Chlodantane

Clinical data
- Other names: ADK-910; Chlodantan; N-(2-Adamantyl)-N-(para-chlorobenzoyl)amine; 2-(para-Chlorobenzoylamino)adamantane

Identifiers
- IUPAC name N-(2-adamantyl)-4-chlorobenzamide;
- CAS Number: 185384-80-9;
- PubChem CID: 959689;
- ChemSpider: 832832;

Chemical and physical data
- Formula: C_{17}H_{20}ClNO
- Molar mass: 289.80 g·mol^{−1}
- 3D model (JSmol): Interactive image;
- SMILES C1C2CC3CC1CC(C2)C3NC(=O)C4=CC=C(C=C4)Cl;
- InChI InChI=1S/C17H20ClNO/c18-15-3-1-12(2-4-15)17(20)19-16-13-6-10-5-11(8-13)9-14(16)7-10/h1-4,10-11,13-14,16H,5-9H2,(H,19,20); Key:VOHIYJJUKAUCCU-UHFFFAOYSA-N;

= Chlodantane =

Adaptogen drug that was never marketed

Chlodantane (developmental code name ADK-910) is a drug described as an adaptogen or actoprotector "of the estrogen activity type" that was developed in Russia and was never marketed.

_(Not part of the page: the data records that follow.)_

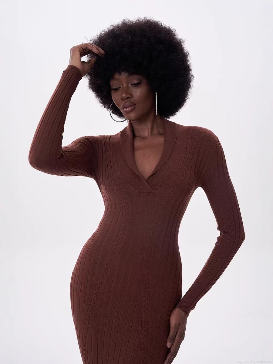 • Women's Ribbed Knit Maxi Dress Elegant Lapel V Neck Long Sleeve Bodycon Dress With Belt Casual Slim Fit Solid Color Autumn Winter Evening Dress
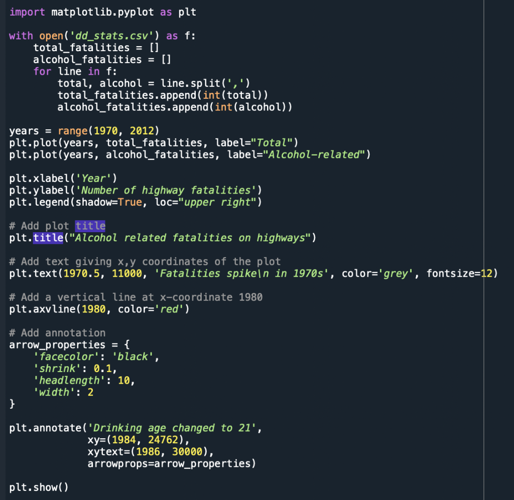 Matplotlib Title Font Size - Python Guides 13 Oct 2021 — In Matplotlib, to set the title of a plot you have to use the title() method and pass the fontsize argument to change its font size. The syntax ... How to change the font size on a matplotlib plot - Stack Overflow You can do something like for label in (ax.get_xticklabels() + ax.get_yticklabels()): label.set_fontsize(22) to affect text size in a single figure. – Terry ... How to change the font size of the Title in a Matplotlib figure 26 Aug 2022 — As we use matplotlib.pyplot.title() method to assign a title to a plot, so in order to change the font size, we are going to use the font ...
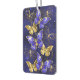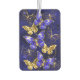 Composition of luxurious sapphire and gold jewellery butterflies on blue textured background.
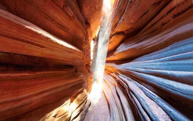 当那阳光通过头顶那细小的缝隙照射进来的时候,形成的光束和那魔幻般的艳丽色彩,宛如梦中想象的奇异世界。
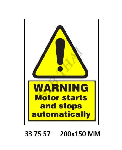 HAZARD SIGN, 200×150 MM, MOTOR STARTS AND STOPS AUTOMATICALLY

It is an adamantane derivative and is closely related to bromantane (N-(2-adamantyl)-N-(para-bromophenyl)amine) and other adamantanes. It has been said to improve physical performance. However, only animal or cell culture research has been conducted and it has not been studied in humans. The drug is described as having a broader spectrum of activity than bromantane. It also has immunostimulant effects that are said to be more pronounced than those of bromantane.